Si è messo subito al lavoro il futuro numero 1 del gruppo PSA Peugeot Citroen. Il successore di Philippe Varin Carlos Tavares, infatti, già il primo gennaio 2014 ha partecipato al Consiglio di Amministrazione del Gruppo francese definendo le nuove strategie che permetteranno a PSA di sistemare il bilancio. “Per ottenere risultati è necessario fare dei sacrifici”. Ha dichiarato Tavares chiedendo di “recuperare” al più presto quel miliardo di euro “perso” a causa delle variazioni dei tassi di cambio. Il riferimento è nei confronti soprattutto della moneta brasiliana e di quella russa, negli ultimi tempi entrambe in grande svalutazione.
Il futuro CEO si è dato quindi 100 giorni per valutare al meglio la situazione del Gruppo, per conoscere personalmente non solo il management ma anche tutti i siti di produzione. E non poteva essere altrimenti. L’uomo che per moltissimi anni è stato il braccio destro di Carlos Gosn, infatti, è un uomo di azione, deciso e di forte personalità, e smania dal desiderio di vincere quella che probabilmente è la sfida più importante della sua carriera. La sua esperienza e la sua indiscutibile professionalità saranno armi vincenti per il Gruppo francese; così come la sua antica passione per le automobili. Una passione nata all’età di 14 anni quando per la prima volta entrò in un circuito, quello dell’Estoril, alle porte di Lisbona.
In Nissan lo ricordano con molto affetto tanto che un amico-collega dichiarò: “Carlos è un vero e proprio leader silenzioso”.
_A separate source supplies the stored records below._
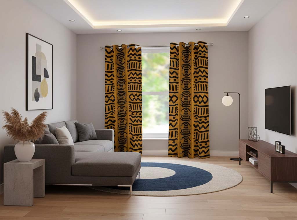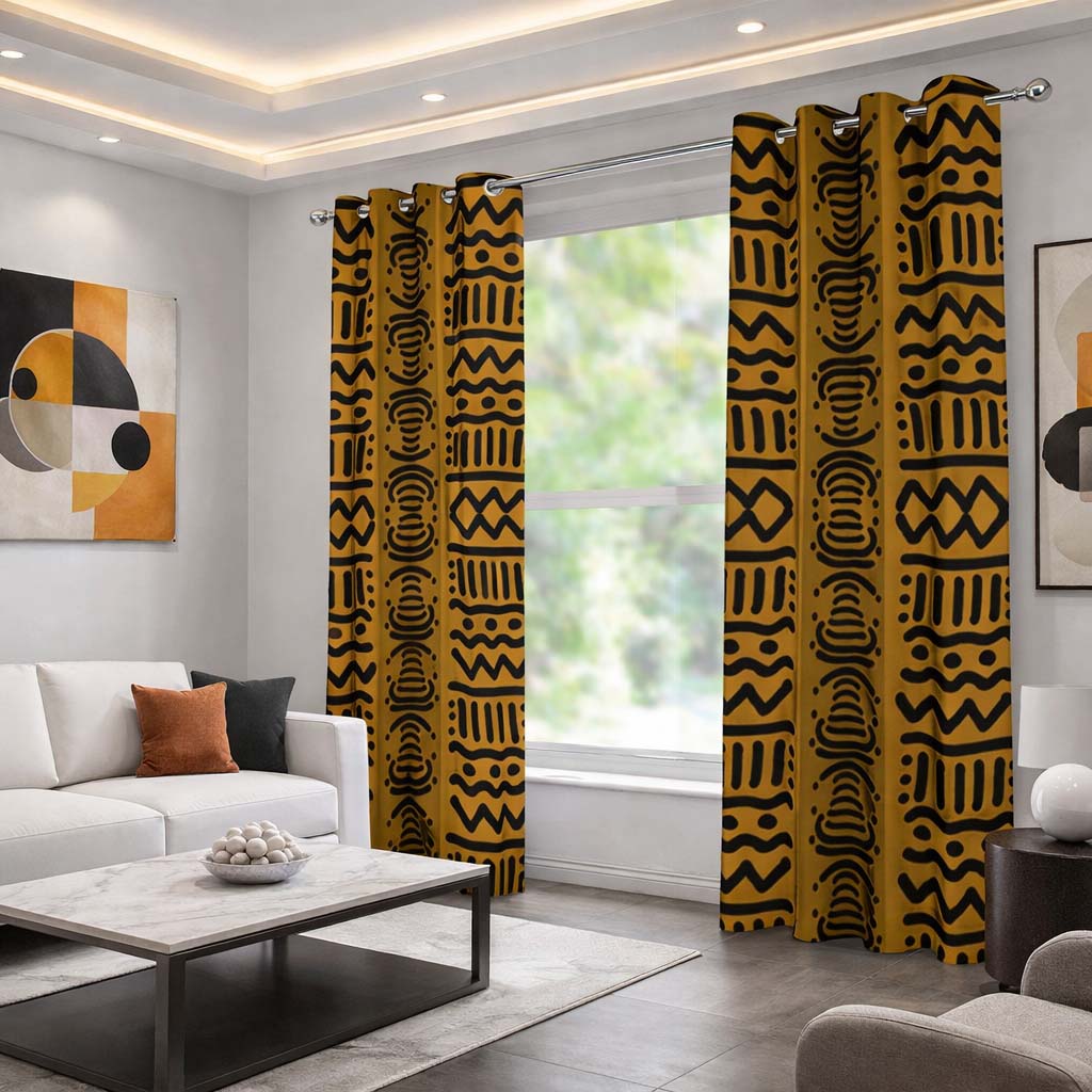 Kuba Print Tribal Pattern Curtains Grommet Brown (Two-Piece)
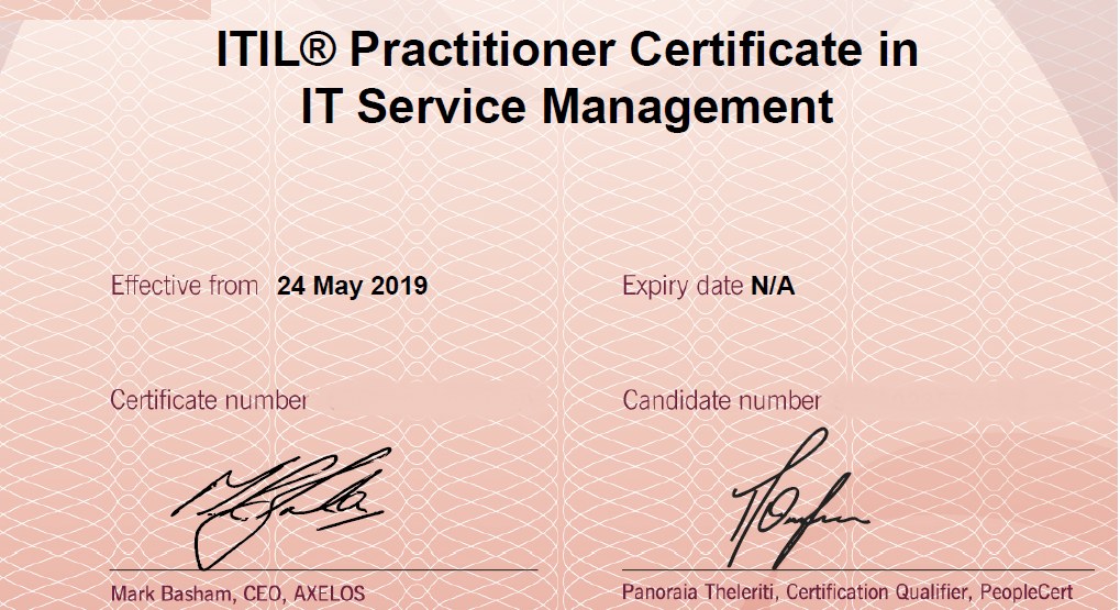Itil certification certificate. I wish i could get it for you but i cant. Itil is the de facto standard for it service management frameworks. Moreover the itil certification is the best among several other certification courses preferred by professionals of it service management because it provides basic knowledge about the concepts core principles and best practices used in it service management. Itil concepts are vendor neutral and address the processes terminology and methods used in modern it.
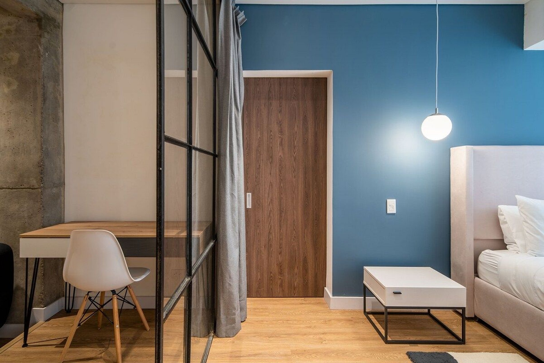 Con un estilo minimalista y acabados modernos, este apartamento tipo loft de 43,63 m² es perfecto para una o dos personas. La habitación abierta incluye una cómoda cama king size y una distribución funcional que integra la sala-comedor y una cocina totalmente equipada con nevera, estufa, horno microondas, horno tostador y utensilios para que cocines como en casa.

Nato nel 1958 a Lisbona, ha un’esperienza di ben 32 anni nel settore automotive, tutti trascorsi in Nissan e Renault. A soli 17 anni, per motivi di studio, si trasferisce in Francia. Parla correntemente francese, inglese, portoghese e giapponese in quanto ha vissuto attivamente la nascita dell’Alleanza Renault Nissan nel 1999. E’ stato il numero uno di Nissan negli Stati Uniti – un mercato in cui PSA non è presente – dal 2005 al 2011. Nell’agosto del 2013 in un’intervista dichiarò di essere finalmente pronto per guidare “da solo” una Casa automobilistica. Dichiarazione che “innervosì” Carlos Gosn. Subito dopo, l’interruzione della collaborazione con l’Alleanza Renault Nissan. Ma questa, per Carlos Tavares, è una… vecchia storia.